### What needs to be done
Reproduce the data in its entirety, exactly as supplied.

** Opening Supplied records block **

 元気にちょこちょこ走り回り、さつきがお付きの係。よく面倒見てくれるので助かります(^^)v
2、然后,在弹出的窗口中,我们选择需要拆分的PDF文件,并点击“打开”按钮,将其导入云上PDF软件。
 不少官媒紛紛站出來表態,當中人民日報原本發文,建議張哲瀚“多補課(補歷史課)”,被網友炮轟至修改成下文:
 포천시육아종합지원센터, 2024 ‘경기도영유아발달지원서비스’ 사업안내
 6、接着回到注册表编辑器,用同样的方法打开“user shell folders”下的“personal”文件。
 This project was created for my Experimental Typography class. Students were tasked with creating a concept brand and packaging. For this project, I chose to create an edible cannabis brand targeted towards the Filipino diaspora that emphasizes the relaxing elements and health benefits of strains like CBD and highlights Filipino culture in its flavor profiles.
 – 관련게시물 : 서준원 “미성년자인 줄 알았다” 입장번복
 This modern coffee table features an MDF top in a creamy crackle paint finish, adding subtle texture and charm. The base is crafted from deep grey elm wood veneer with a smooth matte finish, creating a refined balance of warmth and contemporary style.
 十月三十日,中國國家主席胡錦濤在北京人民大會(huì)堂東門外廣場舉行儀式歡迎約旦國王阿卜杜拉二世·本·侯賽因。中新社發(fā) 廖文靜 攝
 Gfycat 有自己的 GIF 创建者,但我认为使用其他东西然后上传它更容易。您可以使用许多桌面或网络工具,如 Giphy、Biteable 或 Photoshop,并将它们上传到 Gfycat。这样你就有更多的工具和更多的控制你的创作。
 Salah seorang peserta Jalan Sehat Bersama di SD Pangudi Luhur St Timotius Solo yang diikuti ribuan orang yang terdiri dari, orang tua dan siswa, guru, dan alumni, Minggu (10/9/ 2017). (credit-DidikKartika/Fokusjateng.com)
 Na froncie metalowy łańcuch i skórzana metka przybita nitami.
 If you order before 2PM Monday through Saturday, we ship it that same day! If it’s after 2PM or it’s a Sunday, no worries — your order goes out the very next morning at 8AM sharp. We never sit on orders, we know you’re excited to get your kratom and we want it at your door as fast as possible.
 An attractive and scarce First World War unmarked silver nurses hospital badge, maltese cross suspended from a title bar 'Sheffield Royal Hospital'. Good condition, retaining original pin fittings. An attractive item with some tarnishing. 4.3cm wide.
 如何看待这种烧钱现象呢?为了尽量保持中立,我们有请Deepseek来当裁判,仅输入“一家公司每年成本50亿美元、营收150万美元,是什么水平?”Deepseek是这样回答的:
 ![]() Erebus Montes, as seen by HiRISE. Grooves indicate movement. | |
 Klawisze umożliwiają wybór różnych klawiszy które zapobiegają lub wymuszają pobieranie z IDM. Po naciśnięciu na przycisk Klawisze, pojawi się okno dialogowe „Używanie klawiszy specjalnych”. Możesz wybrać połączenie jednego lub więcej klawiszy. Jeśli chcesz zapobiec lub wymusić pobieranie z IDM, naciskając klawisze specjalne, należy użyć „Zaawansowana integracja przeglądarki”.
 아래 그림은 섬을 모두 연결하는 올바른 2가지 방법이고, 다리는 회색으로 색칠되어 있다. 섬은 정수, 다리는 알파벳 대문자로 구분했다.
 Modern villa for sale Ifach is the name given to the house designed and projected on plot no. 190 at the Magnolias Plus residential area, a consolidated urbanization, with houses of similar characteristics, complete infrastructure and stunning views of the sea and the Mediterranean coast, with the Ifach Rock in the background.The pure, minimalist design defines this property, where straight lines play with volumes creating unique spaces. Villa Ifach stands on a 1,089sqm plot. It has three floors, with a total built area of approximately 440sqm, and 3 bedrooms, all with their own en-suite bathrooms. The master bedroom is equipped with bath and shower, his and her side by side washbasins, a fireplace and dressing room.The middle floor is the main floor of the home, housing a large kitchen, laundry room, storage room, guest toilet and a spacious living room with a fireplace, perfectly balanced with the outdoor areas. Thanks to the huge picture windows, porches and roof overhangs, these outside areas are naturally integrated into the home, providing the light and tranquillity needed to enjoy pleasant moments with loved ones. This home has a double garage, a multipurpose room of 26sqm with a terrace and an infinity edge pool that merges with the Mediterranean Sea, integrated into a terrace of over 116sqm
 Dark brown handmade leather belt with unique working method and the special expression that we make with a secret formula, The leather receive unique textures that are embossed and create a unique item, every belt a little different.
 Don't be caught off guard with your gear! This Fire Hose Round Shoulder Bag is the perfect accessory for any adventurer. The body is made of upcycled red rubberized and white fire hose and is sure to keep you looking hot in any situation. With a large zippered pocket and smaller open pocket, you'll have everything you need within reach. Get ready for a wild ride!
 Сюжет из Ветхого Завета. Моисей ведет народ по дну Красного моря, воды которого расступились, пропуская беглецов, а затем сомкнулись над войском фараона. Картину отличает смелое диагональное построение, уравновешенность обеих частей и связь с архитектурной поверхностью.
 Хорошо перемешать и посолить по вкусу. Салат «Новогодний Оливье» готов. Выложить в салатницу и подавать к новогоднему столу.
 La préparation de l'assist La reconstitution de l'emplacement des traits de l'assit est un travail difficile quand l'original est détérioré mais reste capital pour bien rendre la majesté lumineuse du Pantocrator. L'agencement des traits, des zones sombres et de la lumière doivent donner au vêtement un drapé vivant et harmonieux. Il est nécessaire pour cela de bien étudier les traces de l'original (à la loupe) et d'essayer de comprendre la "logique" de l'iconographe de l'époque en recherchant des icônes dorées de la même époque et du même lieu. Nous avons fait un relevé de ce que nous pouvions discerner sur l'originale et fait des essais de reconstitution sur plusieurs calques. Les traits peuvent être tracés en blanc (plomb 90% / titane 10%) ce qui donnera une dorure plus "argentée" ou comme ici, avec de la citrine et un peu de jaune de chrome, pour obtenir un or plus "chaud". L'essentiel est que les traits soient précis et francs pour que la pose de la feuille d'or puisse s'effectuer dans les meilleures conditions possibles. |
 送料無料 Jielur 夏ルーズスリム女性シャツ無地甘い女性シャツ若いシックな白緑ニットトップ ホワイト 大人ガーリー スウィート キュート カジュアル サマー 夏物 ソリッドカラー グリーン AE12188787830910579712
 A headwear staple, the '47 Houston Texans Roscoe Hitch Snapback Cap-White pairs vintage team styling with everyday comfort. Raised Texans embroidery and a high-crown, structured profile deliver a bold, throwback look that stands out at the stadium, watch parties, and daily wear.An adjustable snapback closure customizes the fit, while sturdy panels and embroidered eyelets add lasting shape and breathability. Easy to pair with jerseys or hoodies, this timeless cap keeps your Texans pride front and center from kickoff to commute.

** Closing Supplied records block **

### Response
 元気にちょこちょこ走り回り、さつきがお付きの係。よく面倒見てくれるので助かります(^^)v
2、然后,在弹出的窗口中,我们选择需要拆分的PDF文件,并点击“打开”按钮,将其导入云上PDF软件。
 不少官媒紛紛站出來表態,當中人民日報原本發文,建議張哲瀚“多補課(補歷史課)”,被網友炮轟至修改成下文:
 포천시육아종합지원센터, 2024 ‘경기도영유아발달지원서비스’ 사업안내
 6、接着回到注册表编辑器,用同样的方法打开“user shell folders”下的“personal”文件。
 This project was created for my Experimental Typography class. Students were tasked with creating a concept brand and packaging. For this project, I chose to create an edible cannabis brand targeted towards the Filipino diaspora that emphasizes the relaxing elements and health benefits of strains like CBD and highlights Filipino culture in its flavor profiles.
 – 관련게시물 : 서준원 “미성년자인 줄 알았다” 입장번복
 This modern coffee table features an MDF top in a creamy crackle paint finish, adding subtle texture and charm. The base is crafted from deep grey elm wood veneer with a smooth matte finish, creating a refined balance of warmth and contemporary style.
 十月三十日,中國國家主席胡錦濤在北京人民大會(huì)堂東門外廣場舉行儀式歡迎約旦國王阿卜杜拉二世·本·侯賽因。中新社發(fā) 廖文靜 攝
 Gfycat 有自己的 GIF 创建者,但我认为使用其他东西然后上传它更容易。您可以使用许多桌面或网络工具,如 Giphy、Biteable 或 Photoshop,并将它们上传到 Gfycat。这样你就有更多的工具和更多的控制你的创作。
 Salah seorang peserta Jalan Sehat Bersama di SD Pangudi Luhur St Timotius Solo yang diikuti ribuan orang yang terdiri dari, orang tua dan siswa, guru, dan alumni, Minggu (10/9/ 2017). (credit-DidikKartika/Fokusjateng.com)
 Na froncie metalowy łańcuch i skórzana metka przybita nitami.
 If you order before 2PM Monday through Saturday, we ship it that same day! If it’s after 2PM or it’s a Sunday, no worries — your order goes out the very next morning at 8AM sharp. We never sit on orders, we know you’re excited to get your kratom and we want it at your door as fast as possible.
 An attractive and scarce First World War unmarked silver nurses hospital badge, maltese cross suspended from a title bar 'Sheffield Royal Hospital'. Good condition, retaining original pin fittings. An attractive item with some tarnishing. 4.3cm wide.
 如何看待这种烧钱现象呢?为了尽量保持中立,我们有请Deepseek来当裁判,仅输入“一家公司每年成本50亿美元、营收150万美元,是什么水平?”Deepseek是这样回答的:
 ![]() Erebus Montes, as seen by HiRISE. Grooves indicate movement. | |
 Klawisze umożliwiają wybór różnych klawiszy które zapobiegają lub wymuszają pobieranie z IDM. Po naciśnięciu na przycisk Klawisze, pojawi się okno dialogowe „Używanie klawiszy specjalnych”. Możesz wybrać połączenie jednego lub więcej klawiszy. Jeśli chcesz zapobiec lub wymusić pobieranie z IDM, naciskając klawisze specjalne, należy użyć „Zaawansowana integracja przeglądarki”.
 아래 그림은 섬을 모두 연결하는 올바른 2가지 방법이고, 다리는 회색으로 색칠되어 있다. 섬은 정수, 다리는 알파벳 대문자로 구분했다.
 Modern villa for sale Ifach is the name given to the house designed and projected on plot no. 190 at the Magnolias Plus residential area, a consolidated urbanization, with houses of similar characteristics, complete infrastructure and stunning views of the sea and the Mediterranean coast, with the Ifach Rock in the background.The pure, minimalist design defines this property, where straight lines play with volumes creating unique spaces. Villa Ifach stands on a 1,089sqm plot. It has three floors, with a total built area of approximately 440sqm, and 3 bedrooms, all with their own en-suite bathrooms. The master bedroom is equipped with bath and shower, his and her side by side washbasins, a fireplace and dressing room.The middle floor is the main floor of the home, housing a large kitchen, laundry room, storage room, guest toilet and a spacious living room with a fireplace, perfectly balanced with the outdoor areas. Thanks to the huge picture windows, porches and roof overhangs, these outside areas are naturally integrated into the home, providing the light and tranquillity needed to enjoy pleasant moments with loved ones. This home has a double garage, a multipurpose room of 26sqm with a terrace and an infinity edge pool that merges with the Mediterranean Sea, integrated into a terrace of over 116sqm
 Dark brown handmade leather belt with unique working method and the special expression that we make with a secret formula, The leather receive unique textures that are embossed and create a unique item, every belt a little different.
 Don't be caught off guard with your gear! This Fire Hose Round Shoulder Bag is the perfect accessory for any adventurer. The body is made of upcycled red rubberized and white fire hose and is sure to keep you looking hot in any situation. With a large zippered pocket and smaller open pocket, you'll have everything you need within reach. Get ready for a wild ride!
 Сюжет из Ветхого Завета. Моисей ведет народ по дну Красного моря, воды которого расступились, пропуская беглецов, а затем сомкнулись над войском фараона. Картину отличает смелое диагональное построение, уравновешенность обеих частей и связь с архитектурной поверхностью.
 Хорошо перемешать и посолить по вкусу. Салат «Новогодний Оливье» готов. Выложить в салатницу и подавать к новогоднему столу.
 La préparation de l'assist La reconstitution de l'emplacement des traits de l'assit est un travail difficile quand l'original est détérioré mais reste capital pour bien rendre la majesté lumineuse du Pantocrator. L'agencement des traits, des zones sombres et de la lumière doivent donner au vêtement un drapé vivant et harmonieux. Il est nécessaire pour cela de bien étudier les traces de l'original (à la loupe) et d'essayer de comprendre la "logique" de l'iconographe de l'époque en recherchant des icônes dorées de la même époque et du même lieu. Nous avons fait un relevé de ce que nous pouvions discerner sur l'originale et fait des essais de reconstitution sur plusieurs calques. Les traits peuvent être tracés en blanc (plomb 90% / titane 10%) ce qui donnera une dorure plus "argentée" ou comme ici, avec de la citrine et un peu de jaune de chrome, pour obtenir un or plus "chaud". L'essentiel est que les traits soient précis et francs pour que la pose de la feuille d'or puisse s'effectuer dans les meilleures conditions possibles. |
 送料無料 Jielur 夏ルーズスリム女性シャツ無地甘い女性シャツ若いシックな白緑ニットトップ ホワイト 大人ガーリー スウィート キュート カジュアル サマー 夏物 ソリッドカラー グリーン AE12188787830910579712
 A headwear staple, the '47 Houston Texans Roscoe Hitch Snapback Cap-White pairs vintage team styling with everyday comfort. Raised Texans embroidery and a high-crown, structured profile deliver a bold, throwback look that stands out at the stadium, watch parties, and daily wear.An adjustable snapback closure customizes the fit, while sturdy panels and embroidered eyelets add lasting shape and breathability. Easy to pair with jerseys or hoodies, this timeless cap keeps your Texans pride front and center from kickoff to commute.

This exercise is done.